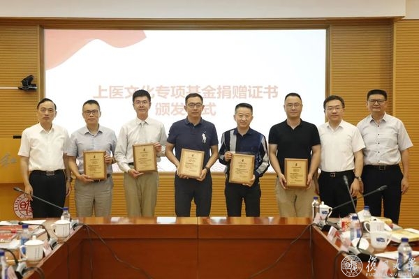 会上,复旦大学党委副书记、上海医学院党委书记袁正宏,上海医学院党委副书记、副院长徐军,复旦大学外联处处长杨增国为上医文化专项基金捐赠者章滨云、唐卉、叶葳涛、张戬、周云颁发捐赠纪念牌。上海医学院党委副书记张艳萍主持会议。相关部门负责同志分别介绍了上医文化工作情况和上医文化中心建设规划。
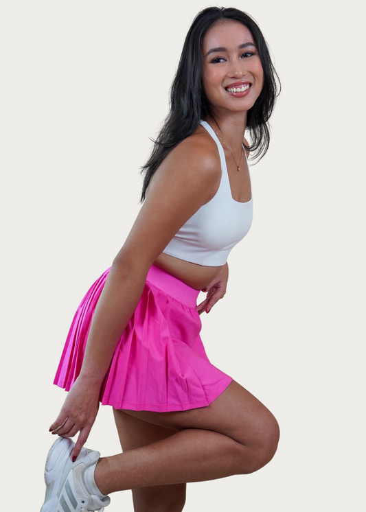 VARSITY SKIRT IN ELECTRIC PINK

+++

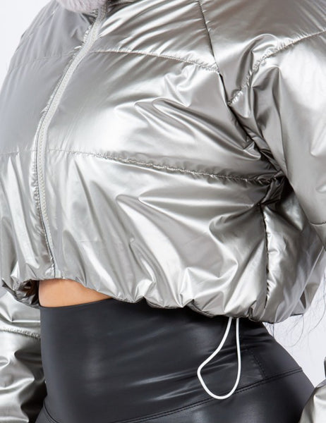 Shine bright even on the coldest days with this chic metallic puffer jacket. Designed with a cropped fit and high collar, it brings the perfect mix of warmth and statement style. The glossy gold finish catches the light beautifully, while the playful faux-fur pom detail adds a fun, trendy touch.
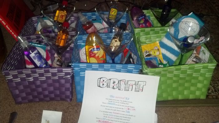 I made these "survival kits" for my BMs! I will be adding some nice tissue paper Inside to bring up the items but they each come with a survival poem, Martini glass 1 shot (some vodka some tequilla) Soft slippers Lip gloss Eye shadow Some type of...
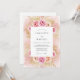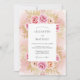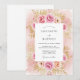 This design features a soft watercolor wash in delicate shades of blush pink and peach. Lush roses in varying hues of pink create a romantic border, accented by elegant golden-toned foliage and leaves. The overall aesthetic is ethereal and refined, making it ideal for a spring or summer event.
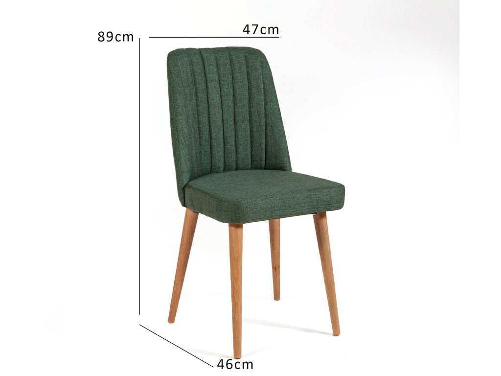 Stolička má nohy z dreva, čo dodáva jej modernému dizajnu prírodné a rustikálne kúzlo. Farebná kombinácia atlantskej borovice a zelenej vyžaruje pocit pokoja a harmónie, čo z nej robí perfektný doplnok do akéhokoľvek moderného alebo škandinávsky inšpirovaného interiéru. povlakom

+++

**Work to be completed:** Exactly as written above, retype the lines starting at the one holding "会上,复旦大学党委副书记、上" and ending at the one holding "VARSITY SKIRT IN ELECTRIC PINK", both included, but not the pictures.

**Answer to this problem:**
 会上,复旦大学党委副书记、上海医学院党委书记袁正宏,上海医学院党委副书记、副院长徐军,复旦大学外联处处长杨增国为上医文化专项基金捐赠者章滨云、唐卉、叶葳涛、张戬、周云颁发捐赠纪念牌。上海医学院党委副书记张艳萍主持会议。相关部门负责同志分别介绍了上医文化工作情况和上医文化中心建设规划。
 VARSITY SKIRT IN ELECTRIC PINK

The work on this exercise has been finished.